Tech stocks have taken over American financial markets, immunized it to geopolitical uncertainty and energy shocks, but exposed them to the heartbeat of technology.

The conflict with Iran is wreaking havoc in the global economy. Not so much because of missiles and bombs and human suffering – that’s what we see in every war. But because of the blocking of the Strait of Hormuz, which is effectively choking off the supply of 20% of the world’s oil and liquefied natural gas. Shipping traffic has plummeted to a near standstill, with ships turning back, being attacked, or seized. Every day new and contradicting social media posts are published or fragile ceasefires put in place, with no realistic exit scenario in sight. As the conflict drags on, global supply chains are strained. Oil prices temporarily spiked by more than 50% per barrel.

Consumer sentiment in the US hit a record low. The labor market is expected to follow suit. Uncertainty is rippling through the economy at all levels. All but one: America’s financial markets.

The S&P 500 and the Nasdaq recently hit fresh all-time highs. The S&P 500 has even seen three consecutive weeks with 3% gains or more, something it experienced only three times in the last 76 years. This paradox leaves experts scrambling for answers.

Traditional explanations overlook the structural change

Explanations abound as to why US stock markets are weathering this storm so well. Many experts will tell you the reason lies in America’s energy independence. Yet prices at American gas stations are up by one third. Consumer staples are hit hard too.
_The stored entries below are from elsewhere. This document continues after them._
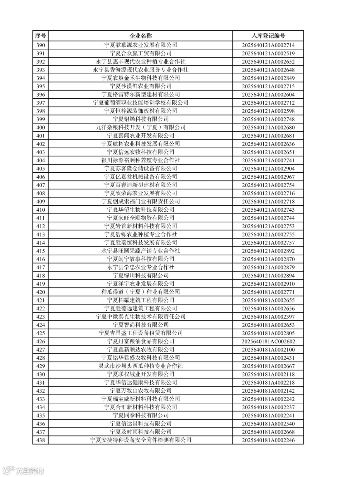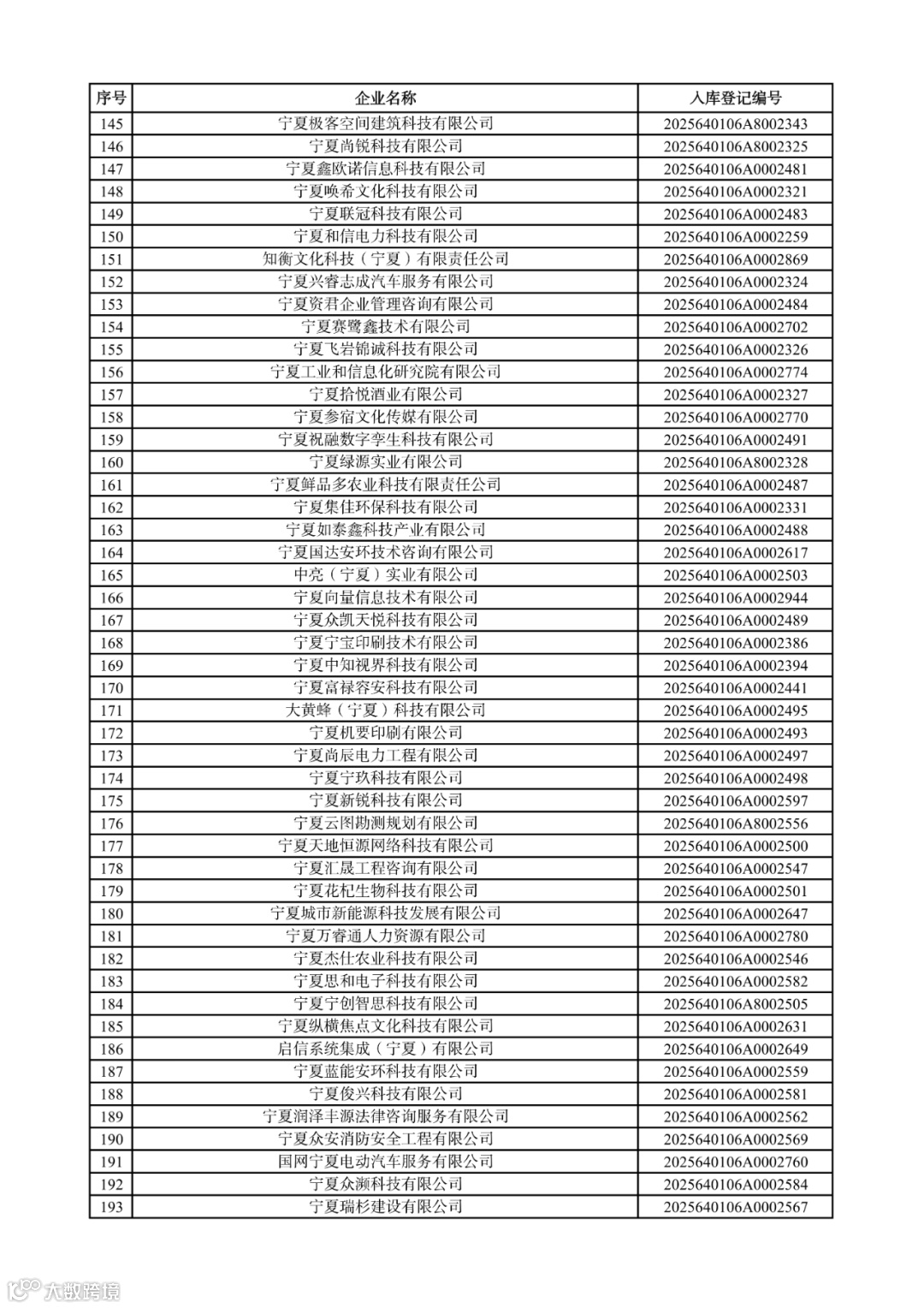 附件:宁夏回族自治区2025年第三批入库科技型中小企业名单
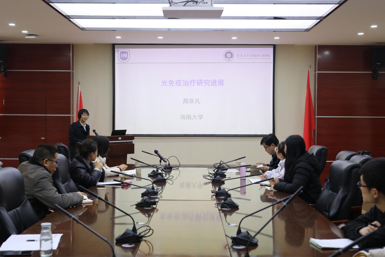 2020年12月7日上午,2020年第9期,总第171期 “生物学前沿学术交流研讨会”(Biology cutting-edge Academic Exchange Seminar,简称“BAES”)永利集团304am登录研究生院组织的学术报告在永利集团304am登录B201举行。海南大学生物医学工程学院周非凡教授在此作题为“肿瘤光免疫治疗研究进展”的学术报告。来自永利集团304am登录生物学专业的全体研究生出席了报告会。会议由永利集团304am登录副院长赵翔主持。
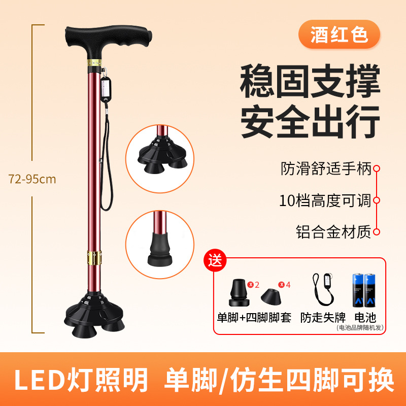 [single leg + non-slip four-leg dual-use/wine red] 303 cane
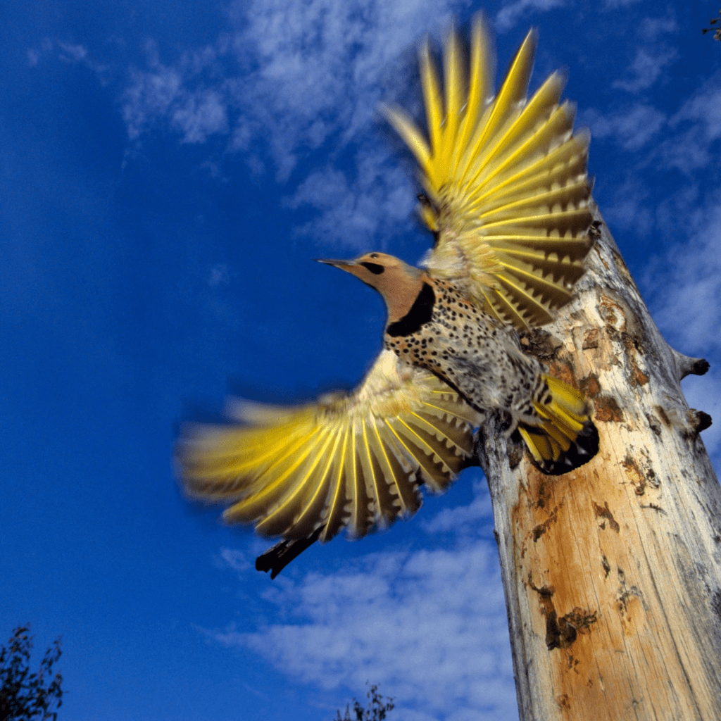 The “yellow version” of the species seems to be geographically specific, as I am more familiar with the Red-Shafted Flicker and their habits, which seem to be very similar. This woodpecker is beautiful to watch as it pecks away at decaying trees and swoops in undulating flight from trunk to trunk. The bird in the image above is on a telephone pole, which is also a frequent spot to see these birds. They will peck at nearly anything, even tin rooves, which can create quite a racket. The yellow shafted feathers are easy to spot on the ground for their bright colorization and black/yellow/white tail and wing splotches. Their black eye patches and and necklace are easy identifiers as are the white rump patches while in flight.
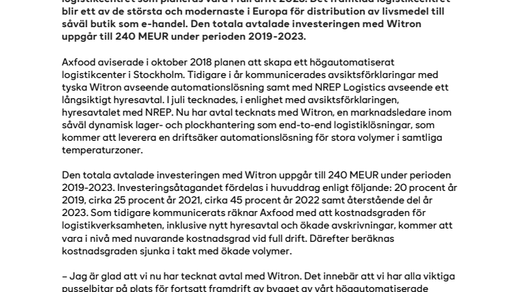 Axfood har enligt tidigare kommunicerad avsiktsförklaring tecknat avtal med Witron om att investera i bolagets teknologi för det högautomatiserade logistikcentret som planeras vara i full drift 2023. Det framtida logistikcentret blir ett av de största och modernaste i Europa för distribution av livsmedel till såväl butik som e-handel. Den totala avtalade investeringen med Witron uppgår till 240 MEUR under perioden 2019-2023.

Overall inflation jumped to 3.3% in March.

Others point to a common pattern in all conflicts: American equity markets serve as a safe haven in times of turmoil and uncertainty. Yet if this were the explanation, then the US dollar should have strengthened too. Two months after the war broke out, however, the value of the dollar against the euro has not budged.

Some experts explain the stock market resilience by investors believing in a quick ceasefire and thus only a temporary macro shock. But even if they are right, lasting damage has been done. Higher risk premiums for shipping and insurance, more expensive supply-chain planning, and more caution by firms in the Gulf region are permanent. Also, if investors don’t believe in long-term disruption, why then are only American stocks outperforming? The British FTSE100 and the EURO STOXX 50 are down since the outbreak of the war.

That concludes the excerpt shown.